Given data –
------------------------------------

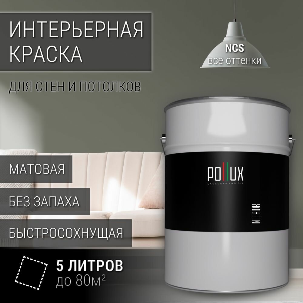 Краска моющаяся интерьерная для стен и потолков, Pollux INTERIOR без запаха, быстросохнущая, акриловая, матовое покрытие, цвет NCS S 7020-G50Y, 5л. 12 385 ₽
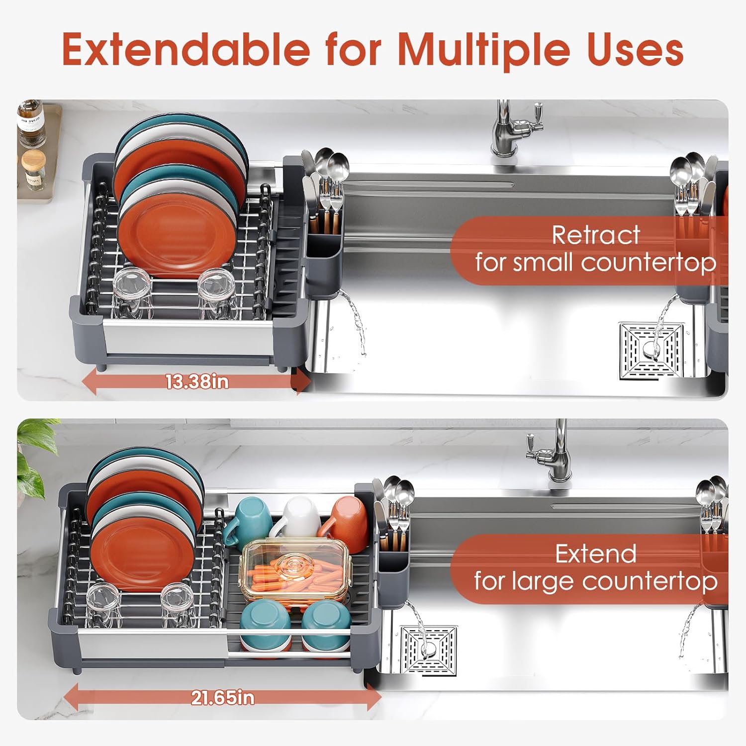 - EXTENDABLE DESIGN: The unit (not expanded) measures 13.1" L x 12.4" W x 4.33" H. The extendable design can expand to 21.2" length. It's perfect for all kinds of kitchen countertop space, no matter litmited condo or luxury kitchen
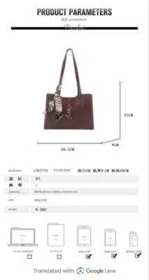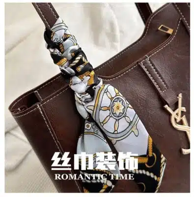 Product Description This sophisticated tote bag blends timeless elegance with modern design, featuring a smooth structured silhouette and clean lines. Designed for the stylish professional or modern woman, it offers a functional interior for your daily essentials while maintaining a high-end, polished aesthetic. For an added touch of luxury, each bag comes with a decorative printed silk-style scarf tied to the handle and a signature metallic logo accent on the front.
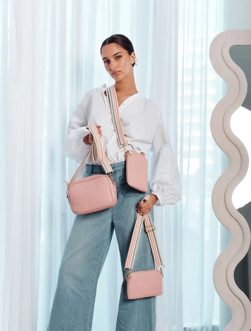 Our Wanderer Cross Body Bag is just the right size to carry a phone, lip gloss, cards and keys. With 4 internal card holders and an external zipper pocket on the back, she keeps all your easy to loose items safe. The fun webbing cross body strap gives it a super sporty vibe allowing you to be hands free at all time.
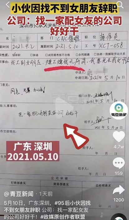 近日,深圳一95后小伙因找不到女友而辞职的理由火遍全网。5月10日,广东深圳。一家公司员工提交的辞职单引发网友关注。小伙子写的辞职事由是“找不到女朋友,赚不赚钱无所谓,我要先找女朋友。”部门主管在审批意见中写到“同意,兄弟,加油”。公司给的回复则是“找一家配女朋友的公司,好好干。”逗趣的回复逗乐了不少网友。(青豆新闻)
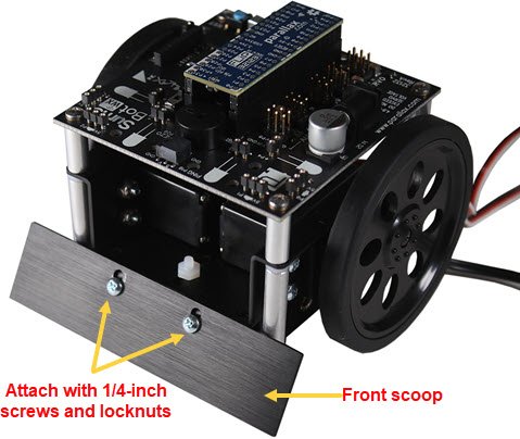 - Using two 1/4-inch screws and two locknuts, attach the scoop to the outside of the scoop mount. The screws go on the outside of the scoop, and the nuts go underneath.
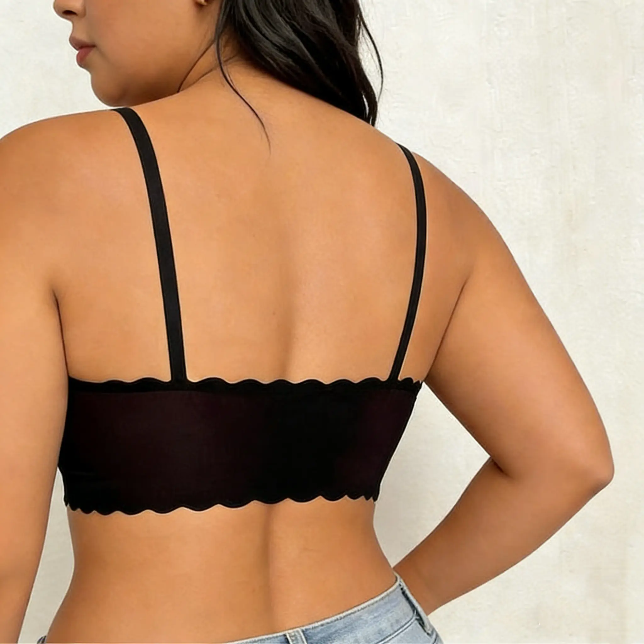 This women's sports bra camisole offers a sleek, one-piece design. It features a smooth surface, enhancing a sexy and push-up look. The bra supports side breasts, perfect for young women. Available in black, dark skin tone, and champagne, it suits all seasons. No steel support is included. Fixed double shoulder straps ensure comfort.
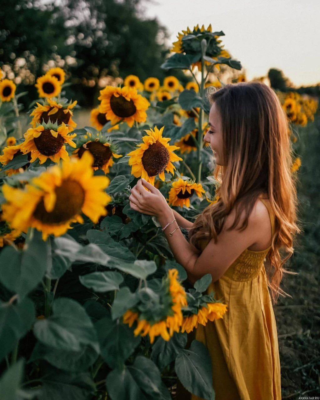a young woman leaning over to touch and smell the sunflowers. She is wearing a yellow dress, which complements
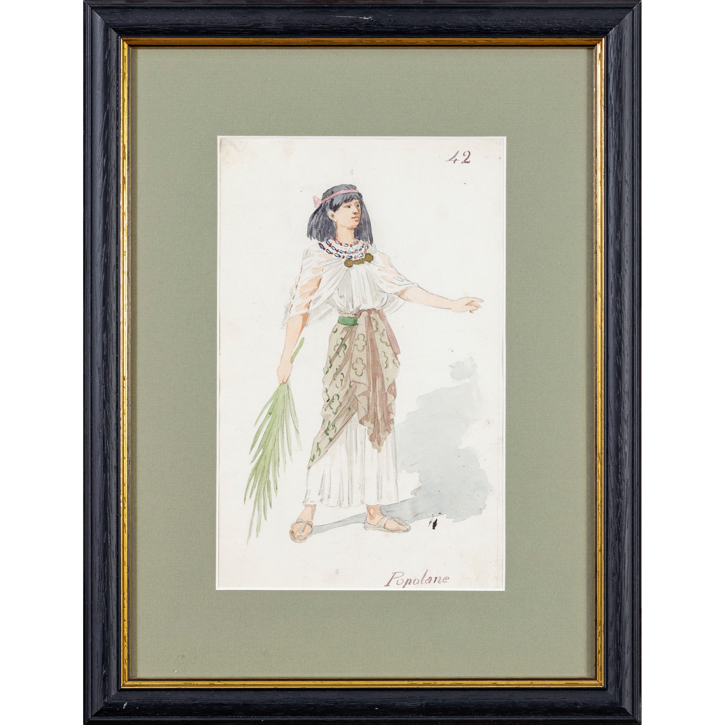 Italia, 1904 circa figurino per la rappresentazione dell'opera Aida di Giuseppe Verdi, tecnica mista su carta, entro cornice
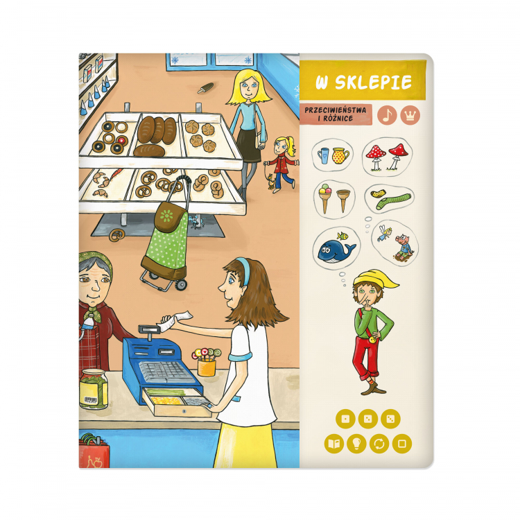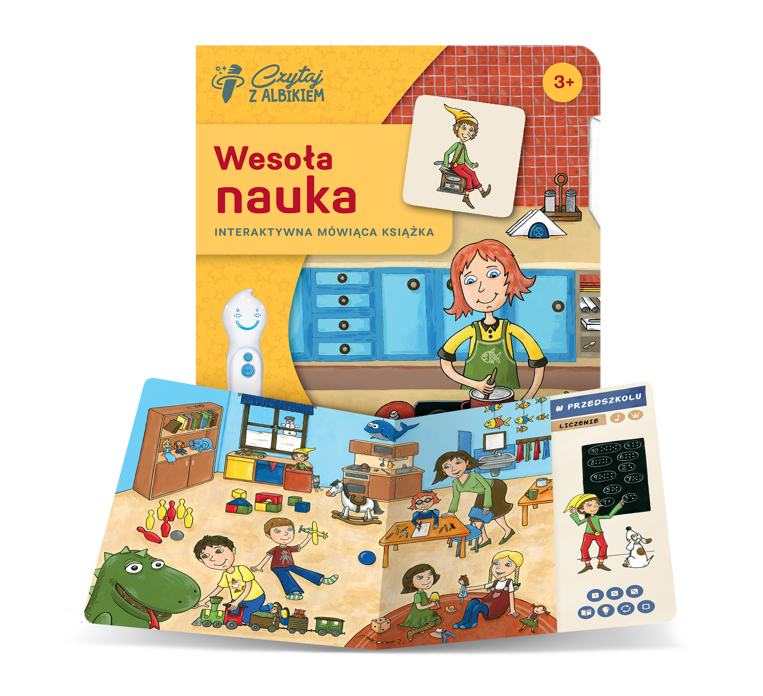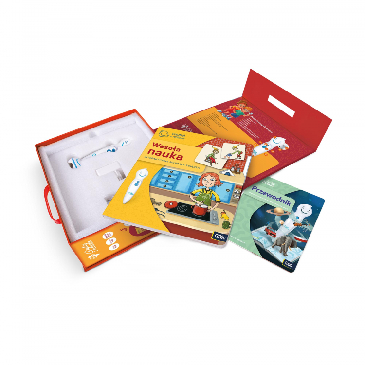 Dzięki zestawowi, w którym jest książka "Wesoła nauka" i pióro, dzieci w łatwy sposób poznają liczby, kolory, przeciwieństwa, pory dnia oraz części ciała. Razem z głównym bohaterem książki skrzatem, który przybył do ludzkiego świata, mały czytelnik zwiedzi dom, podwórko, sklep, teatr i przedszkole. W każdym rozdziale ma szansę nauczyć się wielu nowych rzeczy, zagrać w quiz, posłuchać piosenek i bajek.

------------------------------------

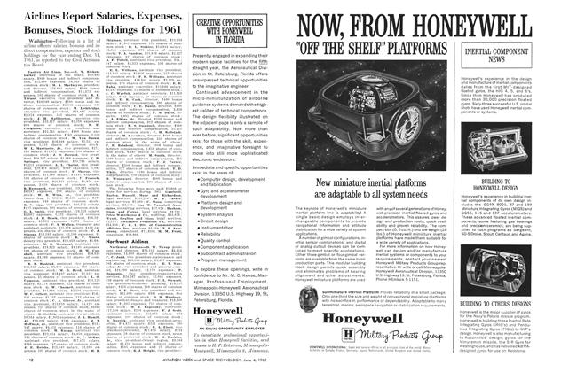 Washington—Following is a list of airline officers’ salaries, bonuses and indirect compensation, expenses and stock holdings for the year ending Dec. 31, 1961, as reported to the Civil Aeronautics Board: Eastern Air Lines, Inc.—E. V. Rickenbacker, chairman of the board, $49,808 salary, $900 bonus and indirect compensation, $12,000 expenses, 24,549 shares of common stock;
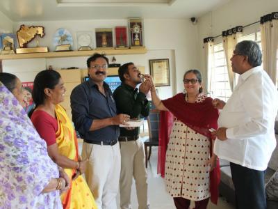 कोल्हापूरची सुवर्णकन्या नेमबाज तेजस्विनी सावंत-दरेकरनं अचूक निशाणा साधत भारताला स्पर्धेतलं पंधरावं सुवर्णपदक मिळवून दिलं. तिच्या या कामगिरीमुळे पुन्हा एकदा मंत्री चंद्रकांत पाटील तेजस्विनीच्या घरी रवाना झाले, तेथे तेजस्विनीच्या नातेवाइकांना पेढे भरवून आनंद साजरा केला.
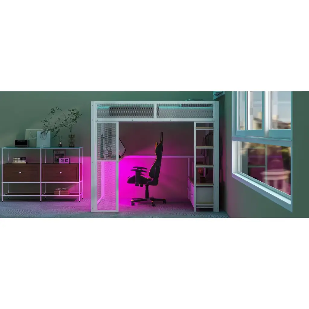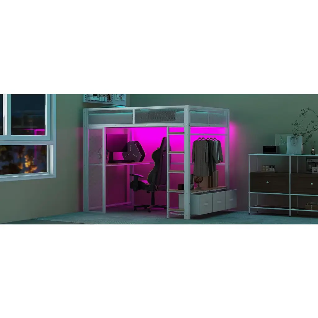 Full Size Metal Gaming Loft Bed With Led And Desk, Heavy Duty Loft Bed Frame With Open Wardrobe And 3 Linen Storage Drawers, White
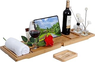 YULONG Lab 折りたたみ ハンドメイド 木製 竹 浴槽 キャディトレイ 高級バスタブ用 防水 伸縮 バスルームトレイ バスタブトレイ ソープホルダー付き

------------------------------------

Problem to work on – With the pictures omitted, copy the entries above exactly from the line containing "Italia, 1904 circa" through the line containing "Dzięki zestawowi, w", both lines included.

Problem solution –
 Italia, 1904 circa figurino per la rappresentazione dell'opera Aida di Giuseppe Verdi, tecnica mista su carta, entro cornice
 Dzięki zestawowi, w którym jest książka "Wesoła nauka" i pióro, dzieci w łatwy sposób poznają liczby, kolory, przeciwieństwa, pory dnia oraz części ciała. Razem z głównym bohaterem książki skrzatem, który przybył do ludzkiego świata, mały czytelnik zwiedzi dom, podwórko, sklep, teatr i przedszkole. W każdym rozdziale ma szansę nauczyć się wielu nowych rzeczy, zagrać w quiz, posłuchać piosenek i bajek.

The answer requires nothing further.